Torched shops and cars line a street in Wamena in Indonesia's Papua province after deadly rioting (AFP Photo/Vina Rumbewas) |
Wamena (Indonesia) (AFP) - More than two dozen people have died in riots in Papua, authorities said Tuesday, sparking calls for an investigation into one of the bloodiest eruptions of violence to hit the restive Indonesian territory in years.
Thousands
fled to shelters following an outburst of bloodshed that saw civilians burned
alive in buildings set ablaze by protesters, with at least 30 people killed and
dozens injured since Monday.
Papua, on
the western half of New Guinea island, has been paralysed after weeks of
protests fuelled by anger over racism, as well as fresh calls for self-rule in
the impoverished territory.
"This
is one of the bloodiest days in the past 20 years in Papua," said Usman
Hamid, Amnesty International Indonesia's executive director.
"Indonesian
authorities must initiate a prompt, impartial, independent and effective
investigation," he added.
Some 26
people died in Wamena city where hundreds demonstrated and burned down a
government office and other buildings on Monday, authorities said, as images
showed burnt-out buildings and charred cars overturned on rubbish-strewn
streets.
"Some
were burned, some were hacked to death... some were trapped in fires,"
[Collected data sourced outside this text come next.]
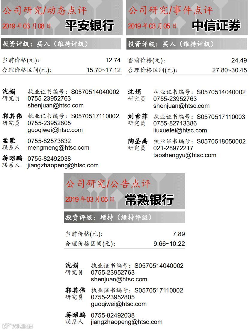 对平安银行、中信证券、光大银行发布“买入”评级,其中,对平安银行发布了三份买入评级报告,也对中信证券发布两份买入评级报告;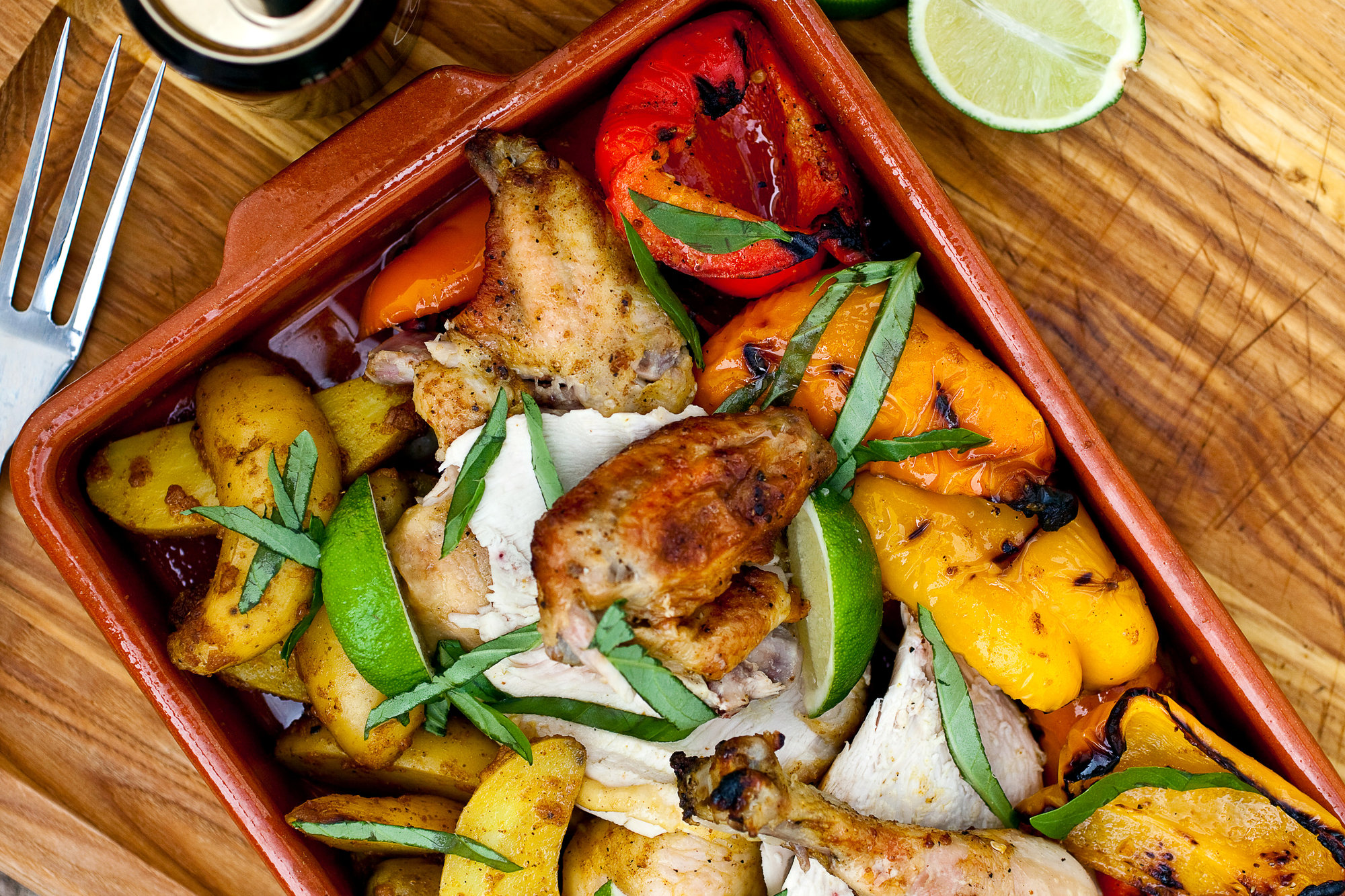 - Carve chicken and garnish with lime wedges and basil before serving with potatoes and peppers.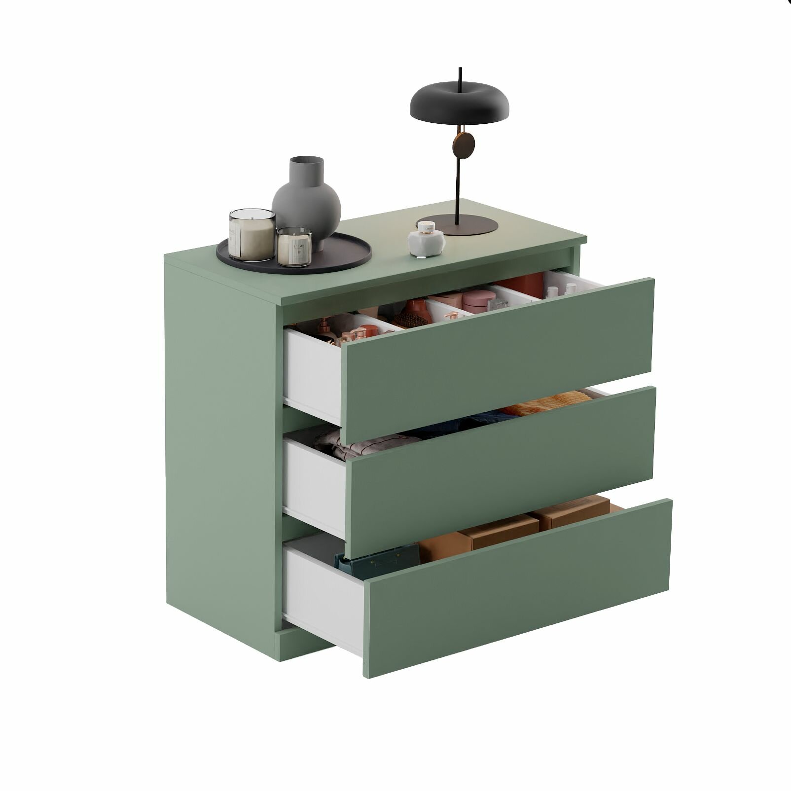 Купить Комод для одежды Марм 70х35х67 см с 3 ящиками без скосов с органайзерами в скандинавском стиле, зеленый самшит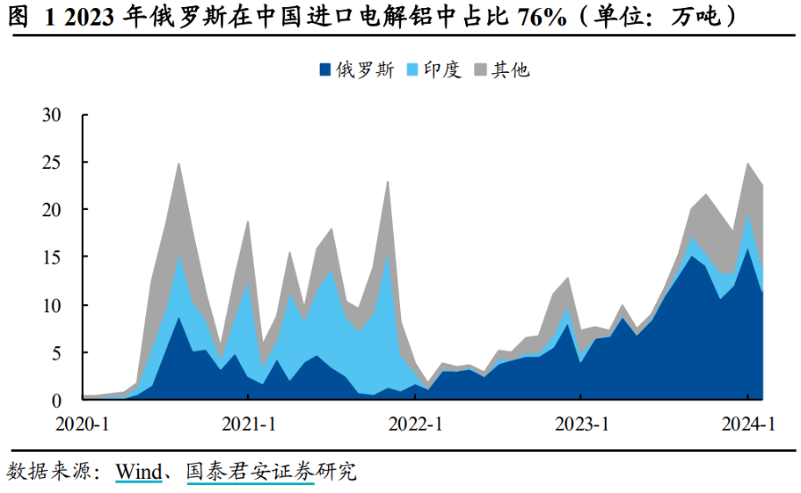 这里有一部分的量流入了中国,可以看到2022年开始,俄罗斯在中国进口电解铝中的占比在持续提升。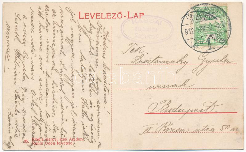 Leírás: 1912 Arad, Boros Béni téri részlet, emeletes autóbusz, gazdasági Gépraktár. Kerpel Izsó kiadása, Ruhm Ödön felvétele / square, double-decker autobus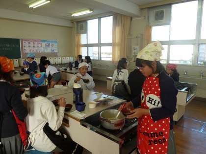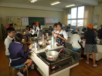 12月8日(火)3.4時間目に5年2組が、5.6時間目に5年1組が、調理実習を行いました。作ったのは「ごはんと味噌汁」です。はじめに説明を聞いて、役割を分担を確認してから調理実習に取り掛かりました。子ども達は、ガスコンロや包丁も慎重に扱って作っていました。どのグループも協力して楽しく実習をすることができていました。さて、ごはんと味噌汁の味はどうだったでしょうか。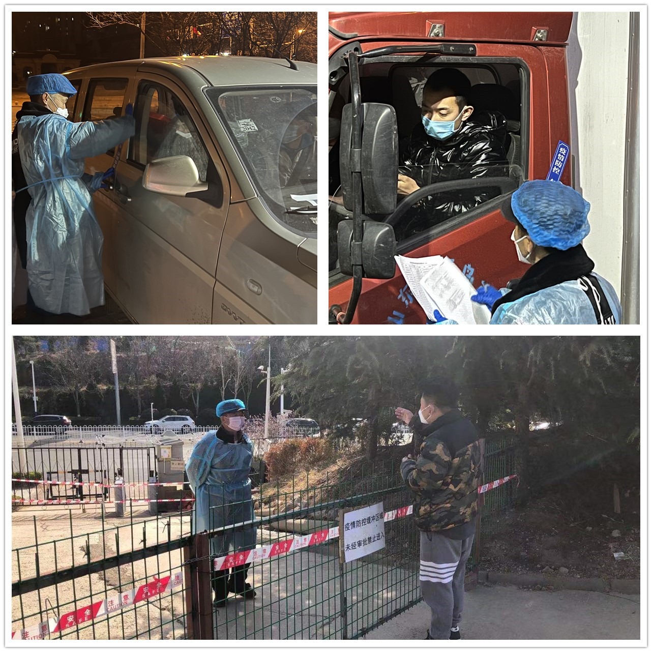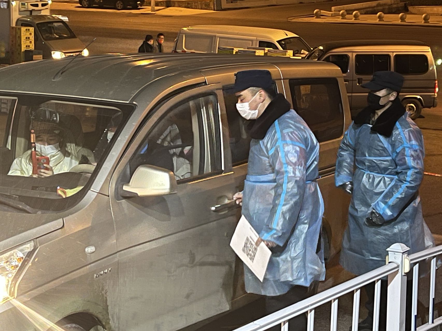 3月13日晚8时,校园疫情防控的值班老师们开车欲进入崂山校园,校园的其它大门均已关闭,只留东大门出入。车缓缓行进,大门值班室的两名校卫队员身着防护服,口戴口罩,逐个拦住了即将入校的车辆。他们挨个询问:“老师,请问您预约报备了吗?请配合测温,并出示健康码、行程码和核酸检测报告。请配合核对登记人员信息,谢谢!”只见每位入校值班老师很配合地做了核对查验工作,进了校园。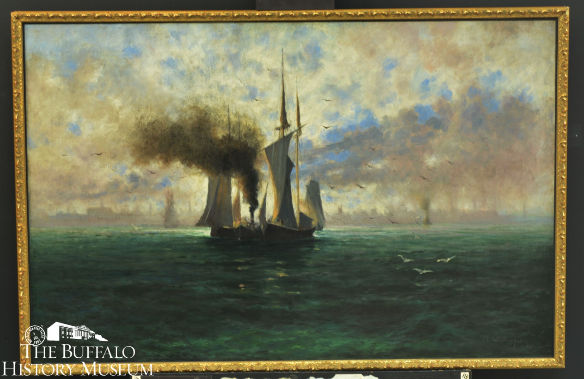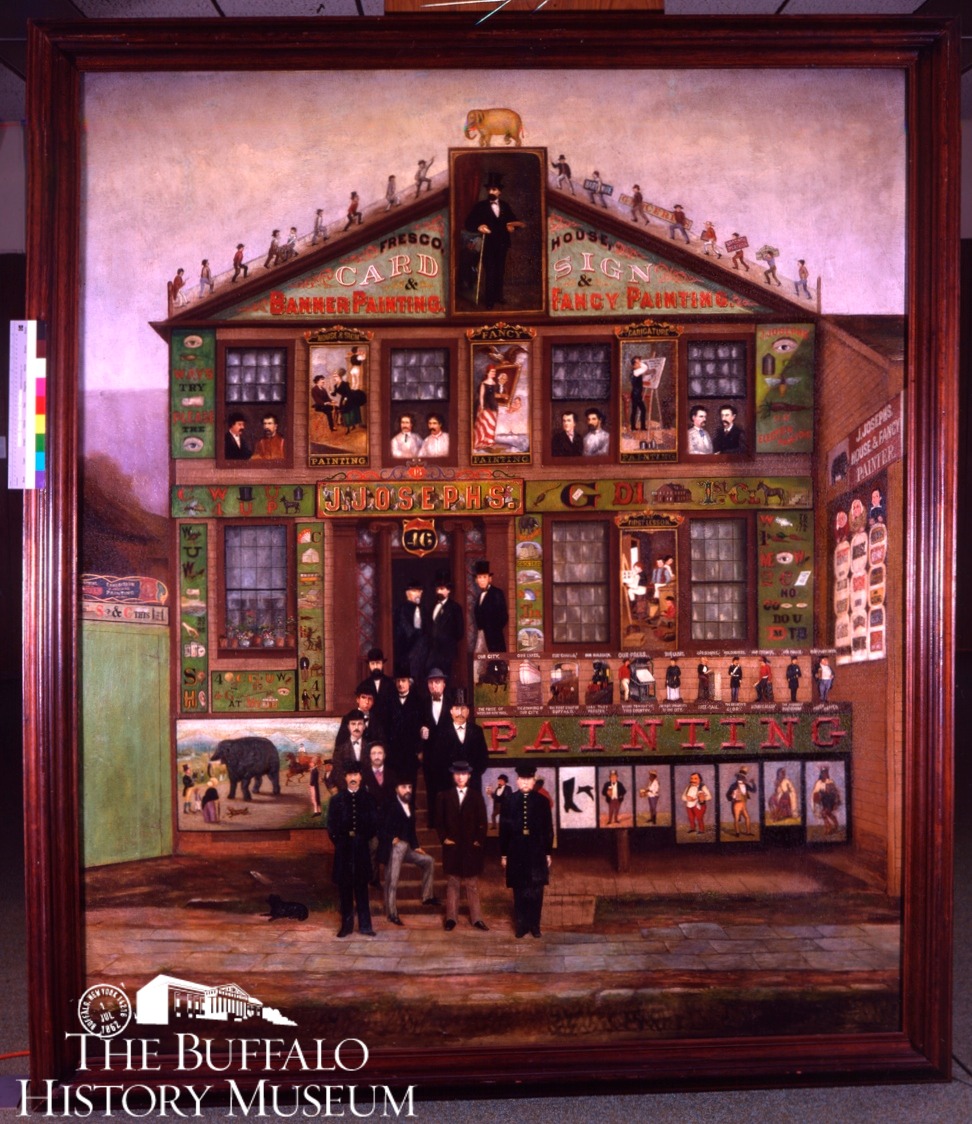 This painting was done by Joe Josephs in commemoration of the dedication of his sign shop in June 1869, located on Exchange Street near Washington. Josephs referred to this painting as a “souvenir of old Buffalo.”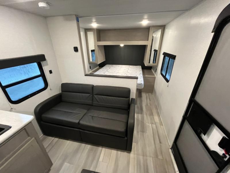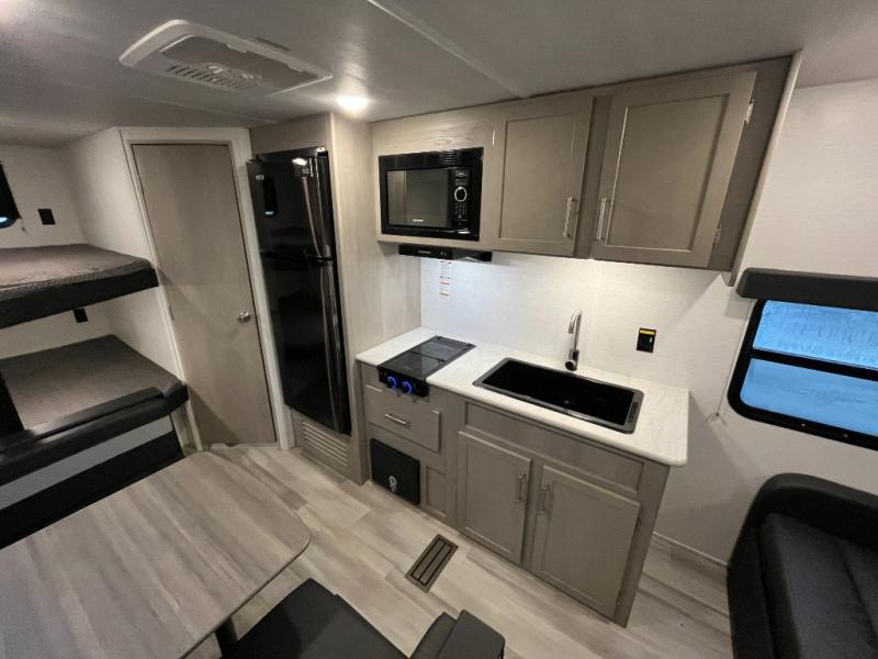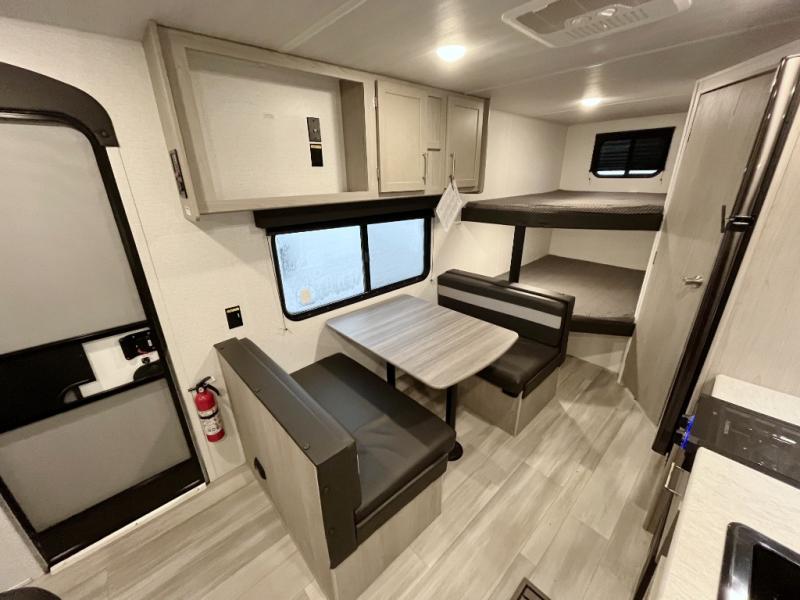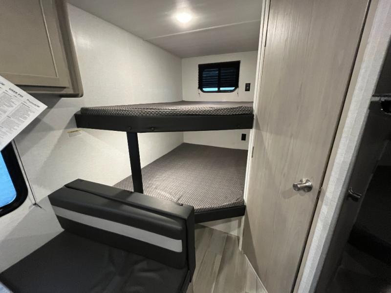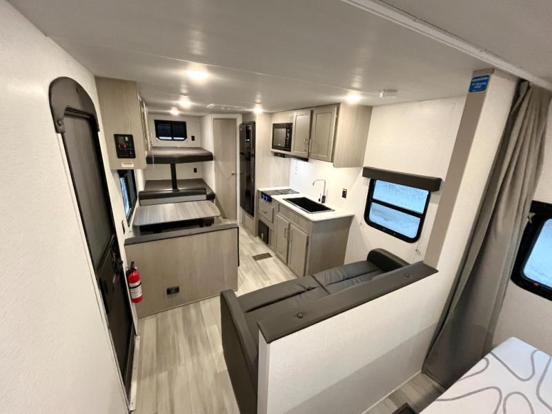 Bring the whole gang and explore with this bunkhouse travel trailer in tow! There is sleeping for up to 10 with double-size bunk beds, a queen bed up front, as well as a sofa and booth dinette that can accommodate more when reconfigured at night. You will easily be able to create meals to enjoy while camping inside with the two-burner range a 10 cu. ft. 12V refrigerator. Overhead storage is available above the stove and sink and along the opposite side. There is also a front pass-through for housing all of your outdoor gear, as well as additional outside storage beneath the bunk beds. The 12' power awning will also provide more living space and outdoor protection from the sun and/or rain.

local military commander Chandra Dianto told AFP.
Most
victims were non-Papuans, authorities said, threatening an escalation in
violence against migrants from other parts of the Southeast Asian archipelago.
A soldier
and three civilians also died in the provincial capital Jayapura, where
security forces and stone-throwing protesters clashed Monday.
The soldier
was stabbed to death and three students died from rubber bullet wounds,
authorities said, without elaborating.
Some 700
people had been rounded up for questioning, with several hundred later
released.
'Mostly
migrants'
Some 4,000
residents, including mothers and their children and the elderly, sought shelter
at military and police posts, government buildings and a local church. Most
were migrants.
"There are local Papuans who helped protect migrants by hiding them in their homes, but when word got out their houses were also targeted," said Yudi, an Indonesian businessman living in Wamena, whose wife left Tuesday for security reasons.
A destroyed
police truck in Wamena, Papua province, after deadly riots in
Indonesia (AFP
Photo/Vina Rumbewas)
|
"There are local Papuans who helped protect migrants by hiding them in their homes, but when word got out their houses were also targeted," said Yudi, an Indonesian businessman living in Wamena, whose wife left Tuesday for security reasons.
"Wamena
is destroyed," he added.
The
majority of Papuans are Christian and ethnic Melanesian with few cultural ties
to the rest of Muslim-majority Indonesia. Most previous clashes have been
between separatists and security forces.
One analyst
threw cold water on the idea that migrants may have been targeted in the fires.
"I
doubt... that this was intentional, or at least planned," Damien
Kingsbury, a professor of international politics at Australia's Deakin
University.
Wamena
resident Naftali Pawika said renewed violence was driving a wedge between
neighbours.
"This
conflict is splitting migrants and indigenous Papuans apart," said the
37-year-old Papuan.
Monday's
protests in Wamena -- mostly involving high-schoolers -- were reportedly
sparked by racist comments made by a teacher, but police have disputed that
account as a hoax.
The United
Liberation Movement for West Papua described Monday's violence as a
"massacre" and said that 17 Papuan high school students had been
gunned down by Indonesian security forces.
Neither the
military nor the separatist movement's claims could be independently verified.
Conflicting
accounts are common in Papua and the government appears to have renewed a
region-wide Internet service shutdown.
Jakarta has
said the riots were meant to draw attention to Papuan independence at this
week's UN General Assembly.
A low-level
separatist insurgency has simmered for decades in the former Dutch colony after
Jakarta took over the mineral-rich region in the 1960s. A US-sponsored vote to
stay within the archipelago was widely viewed as rigged.
Weeks of
protests broke out across Papua and in other parts of Indonesia after the
mid-August arrest and tear-gassing of dozens of Papuan students, who were also
racially abused, in the country's second-biggest city, Surabaya.